TextMamba: Scene Text Detector with Mamba
This work improves scene text detection for applications like document analysis and image understanding, but it is incremental as it builds on existing Mamba and Transformer approaches.
The paper tackles the problem of scene text detection by addressing limitations in Transformer-based methods, such as forgetting important information or focusing on irrelevant representations when modeling long-range dependencies, and proposes a novel detector based on Mamba that integrates a selection mechanism with attention layers, achieving state-of-the-art or competitive performance with F-measures of 89.7%, 89.2%, and 78.5% on CTW1500, TotalText, and ICDAR19ArT benchmarks.

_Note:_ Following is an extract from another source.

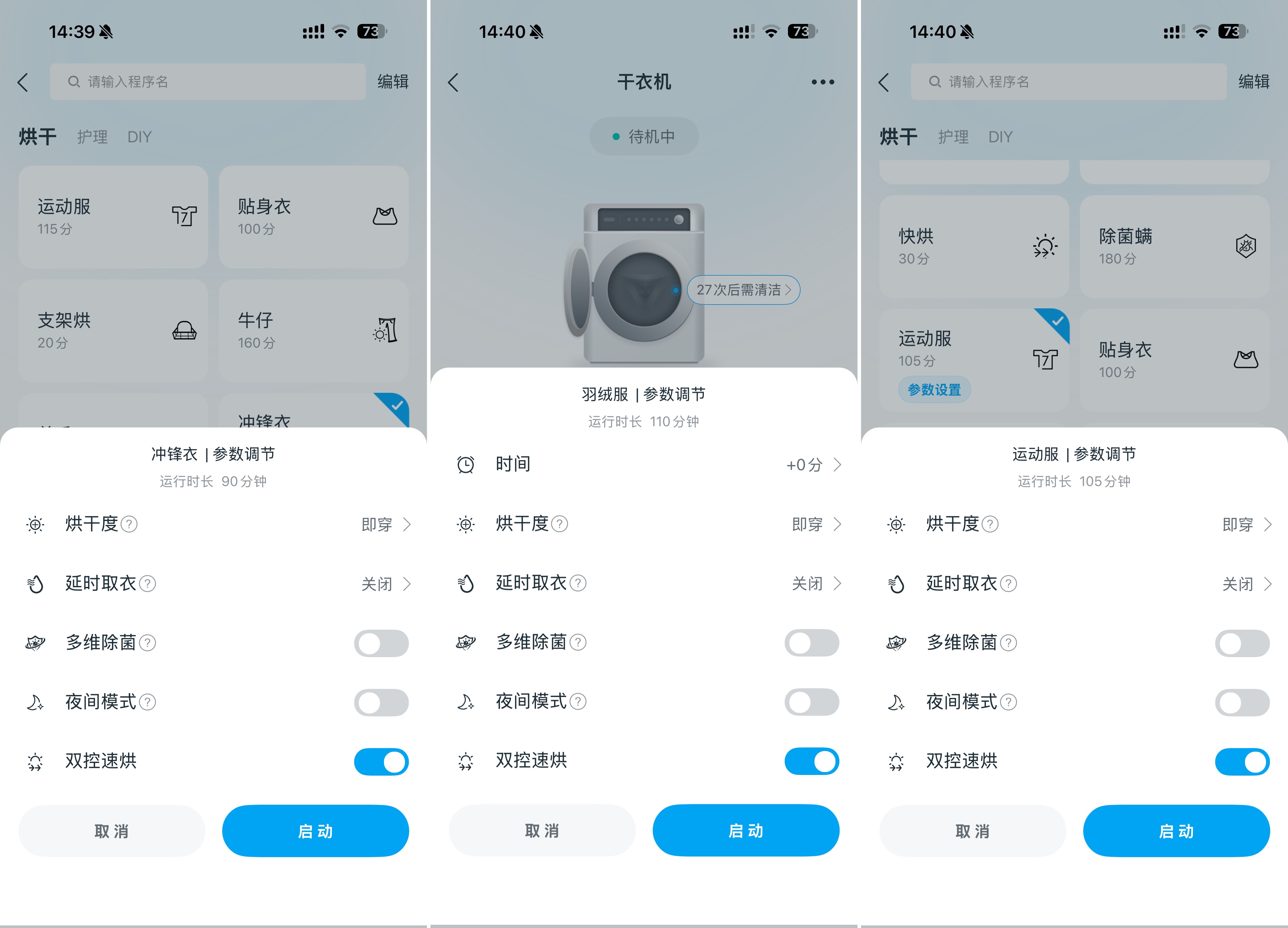 🔽 打开“双控速烘”后,烘干用时相比普通机器明显要更短。

In scene text detection, Transformer-based methods have addressed the global feature extraction limitations inherent in traditional convolution neural network-based methods. However, most directly rely on native Transformer attention layers as encoders without evaluating their cross-domain limitations and inherent shortcomings: forgetting important information or focusing on irrelevant representations when modeling long-range dependencies for text detection. The recently proposed state space model Mamba has demonstrated better long-range dependencies modeling through a linear complexity selection mechanism. Therefore, we propose a novel scene text detector based on Mamba that integrates the selection mechanism with attention layers, enhancing the encoder's ability to extract relevant information from long sequences. We adopt the Top\_k algorithm to explicitly select key information and reduce the interference of irrelevant information in Mamba modeling. Additionally, we design a dual-scale feed-forward network and an embedding pyramid enhancement module to facilitate high-dimensional hidden state interactions and multi-scale feature fusion. Our method achieves state-of-the-art or competitive performance on various benchmarks, with F-measures of 89.7\%, 89.2\%, and 78.5\% on CTW1500, TotalText, and ICDAR19ArT, respectively. Codes will be available.